Entre os que foram sintetizados e colocados frente a bactérias reais, dois demonstraram eficácia concreta contra linhagens resistentes, por mecanismos de ação suficientemente diferentes dos antibióticos existentes para contornar, ao menos por algum tempo, as defesas que as bactérias construíram.
À primeira vista, duas moléculas em 36 million pode parecer uma taxa de sucesso mínima, mas é justamente o contrário. Em farmacologia e bioinformática, muitos programas de desenvolvimento de medicamentos terminam após anos de trabalho sem que qualquer molécula ultrapasse sequer a etapa pré-clínica.
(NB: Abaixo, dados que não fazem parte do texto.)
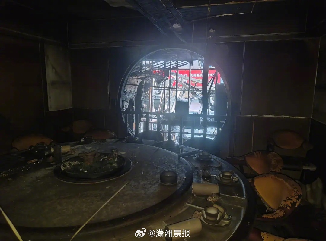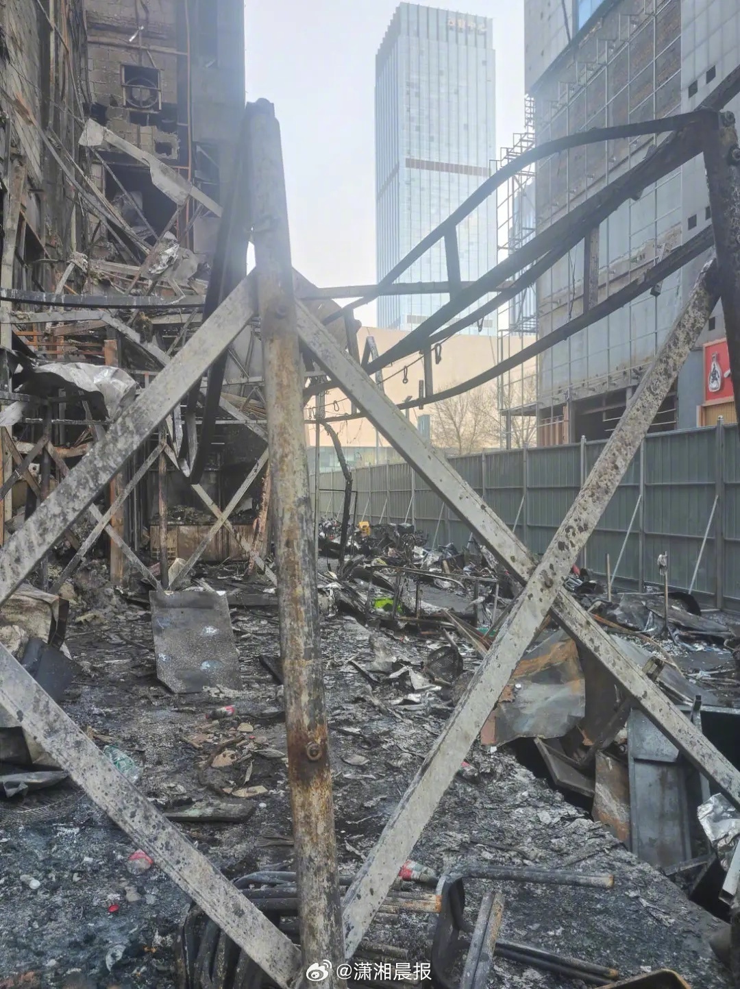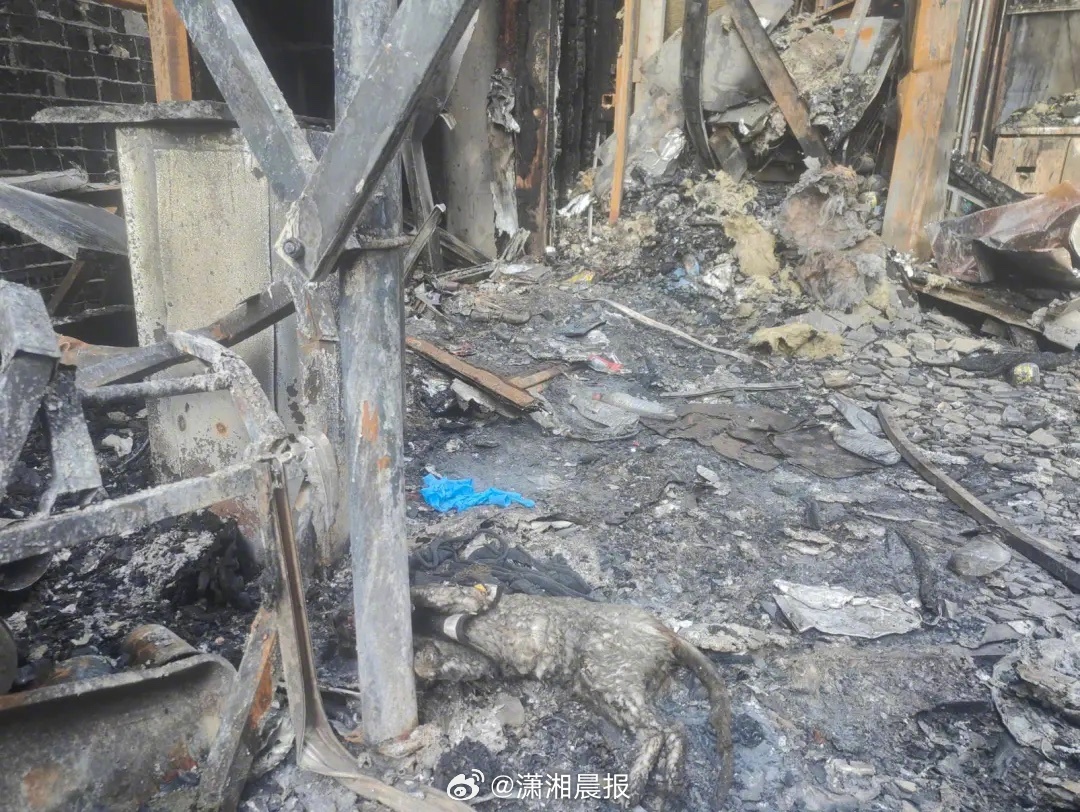 3月31日,潇湘晨报·晨视频记者进入事发现场内部。记者看到,在店铺前停着一排电动车,也被烧毁得只剩下支架,在一家店铺门口,一只未能逃出的小狗还倒在地上。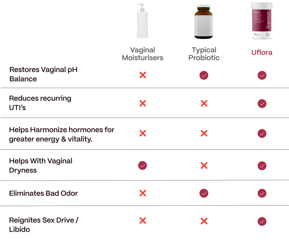 Uflora can help you enjoy a continuous improvement in vaginal comfort, natural lubrication, and restored libido in the next 12 weeks.
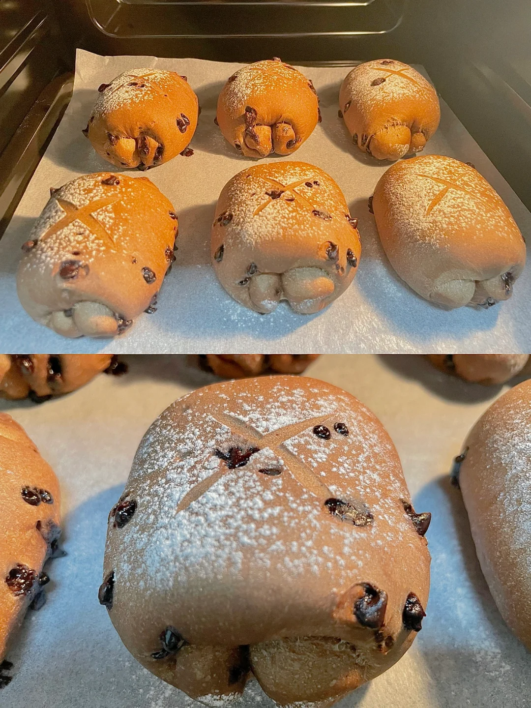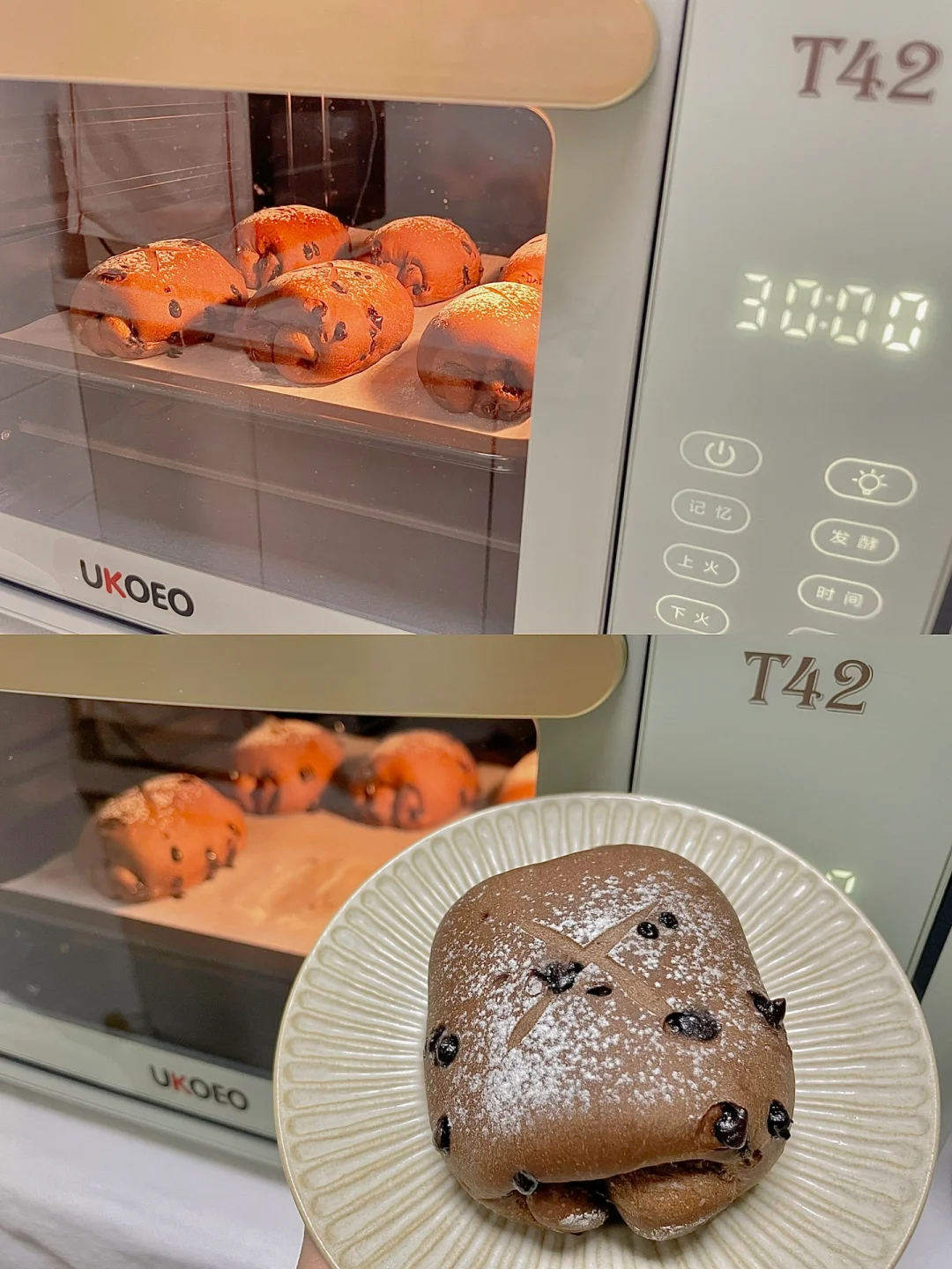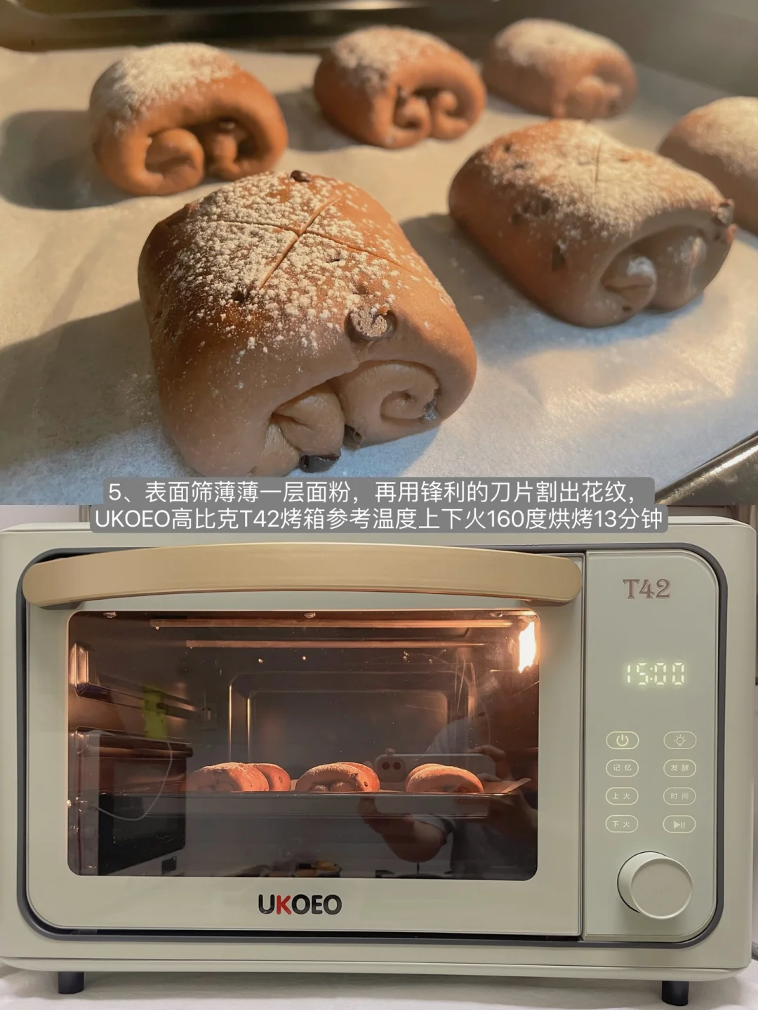 6⃣️二发至体积1.5倍大,表面筛薄薄一层面粉,再用锋利的刀片割出花纹,送入预热好的烤箱,UKOEO高比克T42烤箱参考温度上下火160度烘烤13分钟,烤好的面包上色均匀,满屋子里都是香浓的巧克力味道,太香啦❗️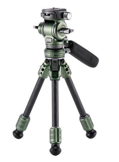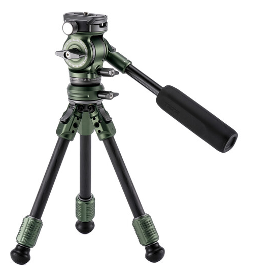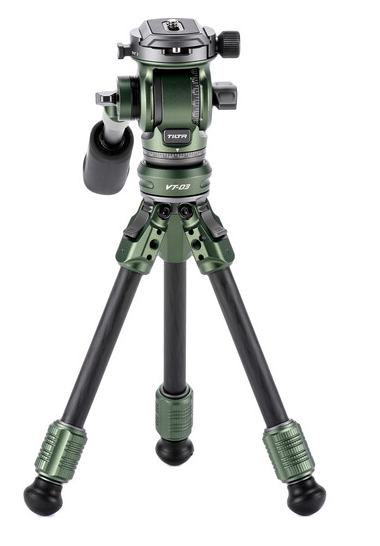 El cabezal de vídeo de mesa Tilta VT03, con patas de trípode de fibra de carbono de un solo tramo en color verde bosque, es un trípode de mesa compacto y portátil diseñado para creadores de contenido y cineastas. Está equipado con un cabezal fluido Arca de 360°, patas ajustables de fibra de carbono con bloqueo giratorio y un mango telescópico que soporta hasta 3 kg y ofrece un posicionamiento preciso y opciones universales de fijación de cámaras y accesorios.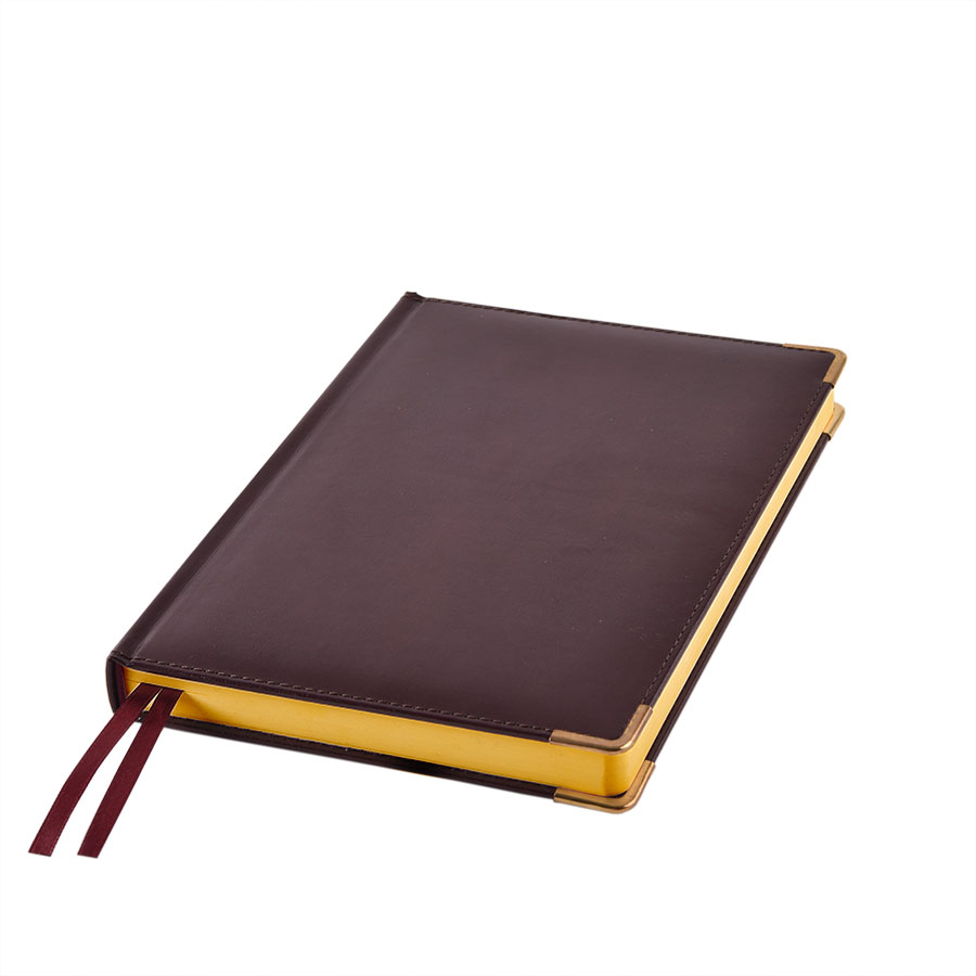 Цвет обложки, близкий к пантону 4975C Размер 147*215 мм, переплет твердый Обложка рециклированная кожа Cromwell Блок полудатированный, в линейку Скругленные углы Золотой обрез Металлические позолоченные уголки Бумага кремовая, плотность 70г м2 Форзац нахзац кремовые 400 страниц Двойное ляссе в цвет обложкиПодарочная коробка

Encontrar duas candidatas plausíveis - mesmo sem autorização de comercialização - sugere que o bloqueio era, em grande parte, tecnológico e cognitivo: as nossas próprias metodologias de pesquisa, que agora revelam seus limites. E, embora seja claro que a IA não vai resolver sozinha a antibiorresistência, fica cada vez mais evidente que, sem ela, só restaria continuar a explorar lentamente, às cegas, a terra incognita onde se escondem os antibióticos de amanhã.